„Kommt nicht!”
Zu jeder anderen Zeit könnte man diese Botschaft des Tourismusverbands der Eifel für einen Aprilscherz halten. Aber die Wanderparkplätze und die oft recht schmalen Wanderwege sind voll. Abstand halten ist kaum möglich, so groß das Verständnis ist, dass die Menschen insbesondere aus den engen Städten raus wollen. Zumal das Wetter zum Wandern und Draußensein einläd. Doch in dieser Coronakrise gilt, dass alle möglichst zuhause bleiben sollen. Was nicht Stubenarrest bedeutet. Statt in die Eifel, ins Bergische Land oder ins Siegtal begeben wir uns nun hier vor Ort auf #CoronaWanderreisen.
Seit fast zwanzig Jahren lebe ich in Köln. Und auch wenn ich viel zu Fuß gehe: Es gibt Stadtteile, die ich bisher noch nie besucht oder gar gestreift habe. Manche kenne ich vom Durchfahren mit Bahn, Auto oder Rad. Andere kenne ich nur vom Hörensagen. Es gibt also etwas zu entdecken. Und Wege zu beschreiten, die wenig andere Menschen gehen. Während es sich am Rhein knubbelt, schnüren wir durch stille Straßen und wenig frequentierte Wege.
Riehl.
Natürlich kenne ich Riehl. Aber, so stellte ich fest, doch nur einen Bruchteil davon. Bis zum Zoo, in die Flora, die Riehlaue am Rhein, das alte Schwimmbad, das schon lange Lieblingsbiergarten ist. Nun, Zoo und Flora sind geschlossen. Der Biergarten auch. Doch es gibt ein Riehl dahinter! Wir gehen durch ein Wohnviertel mit prächtigen Häusern – und Autos, Autos, Autos. Bestimmt wäre es eine prachtvolle Wohngegend, aber sie ist absurd zugeparkt. Zwei Ecken weiter dann eine richtig schöne Siedlung, die Naumannsiedlung, zwischen 1927 und 1929 erbaut. Auch in Riehl zu finden: St. Engelbert, eine im besten Sinne moderne Kirche nach einem Entwurf von Domenikus Böhm. Modern? Erbaut wurde sie zwischen 1930 und 1932. Schon bemerkenswert, wie zeitlos und zugleich gegenwärtig sowohl Siedlung als auch Kirche wirken.
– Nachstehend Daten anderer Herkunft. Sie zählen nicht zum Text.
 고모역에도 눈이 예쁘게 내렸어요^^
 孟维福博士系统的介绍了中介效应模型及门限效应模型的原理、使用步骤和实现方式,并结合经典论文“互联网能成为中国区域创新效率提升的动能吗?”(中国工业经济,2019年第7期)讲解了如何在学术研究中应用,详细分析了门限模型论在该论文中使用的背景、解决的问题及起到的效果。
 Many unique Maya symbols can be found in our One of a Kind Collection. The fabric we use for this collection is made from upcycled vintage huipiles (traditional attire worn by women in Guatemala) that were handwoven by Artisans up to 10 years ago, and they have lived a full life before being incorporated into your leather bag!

Weidenpesch. Nippes. Mauenheim.
Nachbarschaft. Dass es dort aber auch viel Unentdecktes gibt, war durchaus eine Überraschung. Als wir irgendwo bei der Galopprennbahn abbogen und unsere Räder parkten, war uns noch nicht klar, dass wir nur wenige Schritte von einer urbanen Wildnis entfernt sind. Stillgelegte Industriebrachen an den Gleisen der Güterzüge. Improvisiert zurechtgezimmerte Buden im zugewucherten Gelände. Spuren von Verwüstung. Ein aufgegebenes Bahngebäude, aus dem über die Gleise stumpfer Techno schallt. Um ein Gebüsch herum ein weißer, protziger Mercedes, der gerade von einem weißen Lieferwagen wegfährt. Dessen Tür schließt sich. Wir gehen betont harmlos weiter. Man weiß es ja nicht. Eine Bahnschranke im Nirgendwo. Trampelpfade, doch wer trampelte sie? Und wofür?
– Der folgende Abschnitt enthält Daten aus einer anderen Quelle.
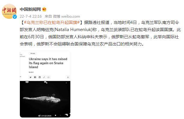 据路透社报道,当地时间4日,乌克兰军队南方司令部发言人胡梅纽克(Natalia Humeniuk)称,乌克兰武装部队已在蛇岛升起该国国旗。此前在6月30日,俄国防部发言人科纳申科夫表示,俄罗斯已从蛇岛撤军,此举向国际社会表明,俄罗斯不会阻碍联合国保障乌克兰农产品出口的相关努力。
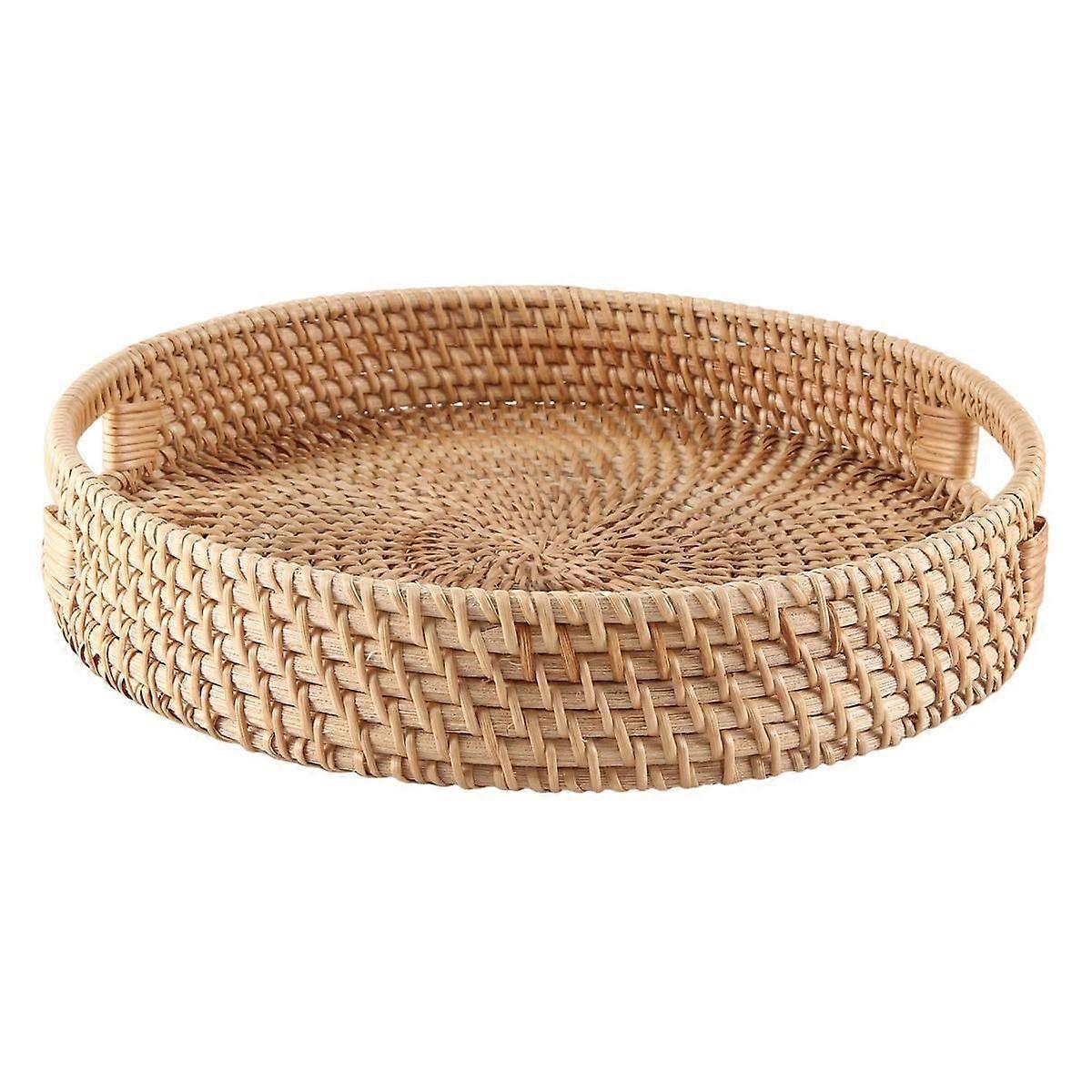 Round Rattan Serving Tray Decorative Woven Ottoman Trays with Handles for Coffee Table Natural(Small)

Und mittendrin Sportanlagen im Dornröschenschlaf. Leere, stille Felder, die sonst Fußball und Tennis dienen. Eine Halfpipe. Eine Tartanbahn im Sonnenschein. Melancholie umgibt sie.
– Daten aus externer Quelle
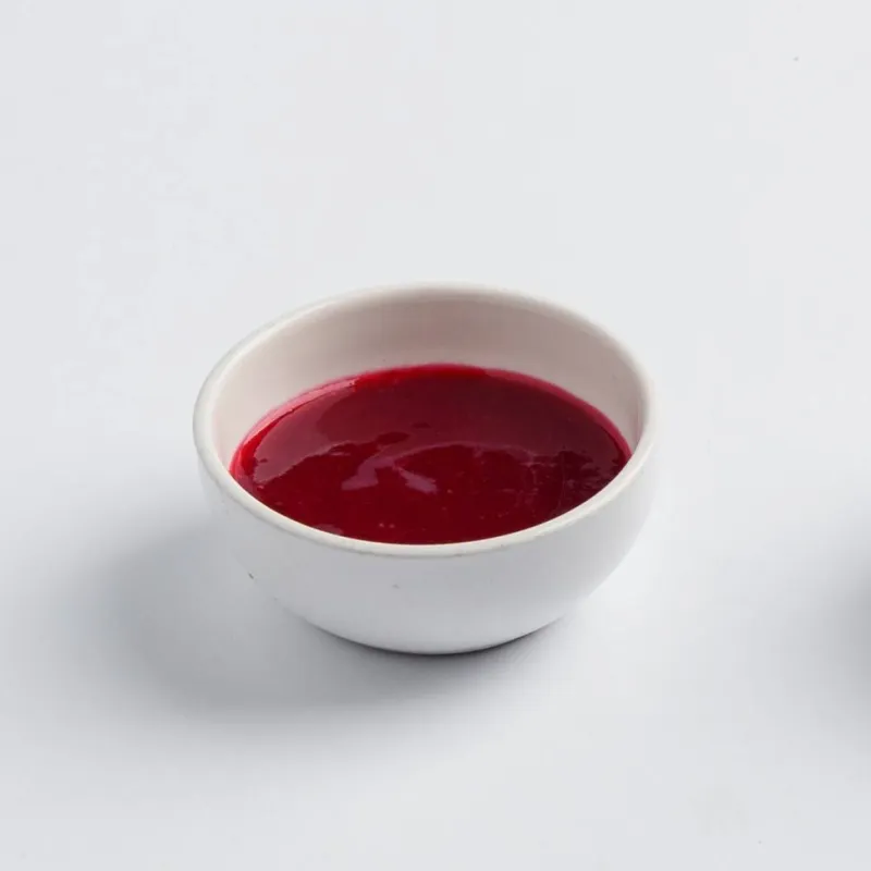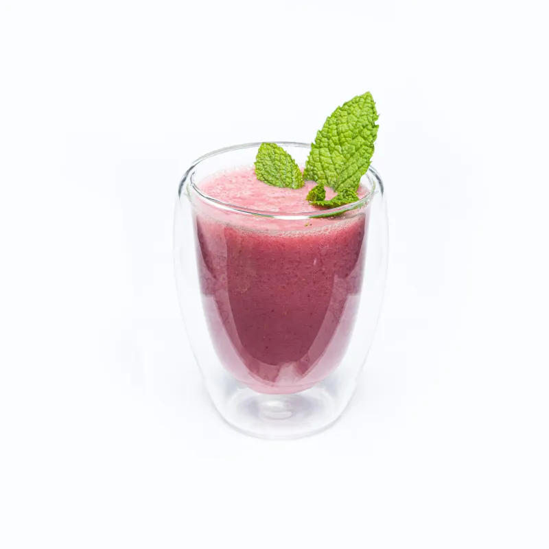 Ягода малины, соевое молоко, грушевый фреш, сироп топинамбура, мята.
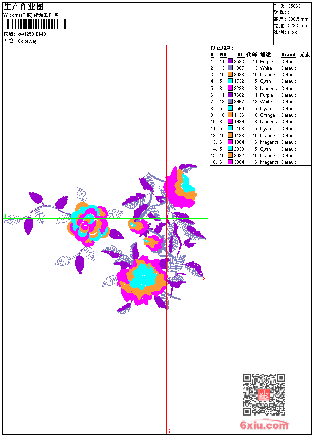 - emb花版参数: 大小:203.00 KB / 尺寸:524*387[毫米] / 针数:35663针 / 线色:5 / 格式:emb / 版本:9

Von Bocklemünd nach Roggendorf/Thenhoven.
Der Kölnpfad führt auf 171 Kilometern um Köln herum. Wir gehen die dritte Etappe durch Gegenden, die wir sonst häufig mit den Rädern befahren. Der Weg beginnt an einer Haltestelle der Stadtbahn, führt über eine Kreuzung, dann, ein schmaler Pfad – und wir stehen mitten im Wald. Den Wald vor lauter Bäumen nicht sehen, die Stadt vor lauter Straßen nicht sehen. Daran denke ich, als wir 15 Kilometer weit durch bekannte und doch fremde Stadtteile reisen. Zeitweise zermürbt uns das Rauschen der Autobahn. Es erscheint noch absonderlicher als sonst, wenn man nicht weit entfernt durch Wälder und an Wiesen entlang geht.
Wohin uns die #CoronaWanderreisen noch führen werden?
Vielleicht auf eine weitere Etappe des Kölnpfades, vielleicht in weitere Stadtteile und Nachbarschaften. Zollstock, wünscht sich der Mitwanderer. Wohlan. Zu erforschen und zu entdecken gibt es offenkundig genug.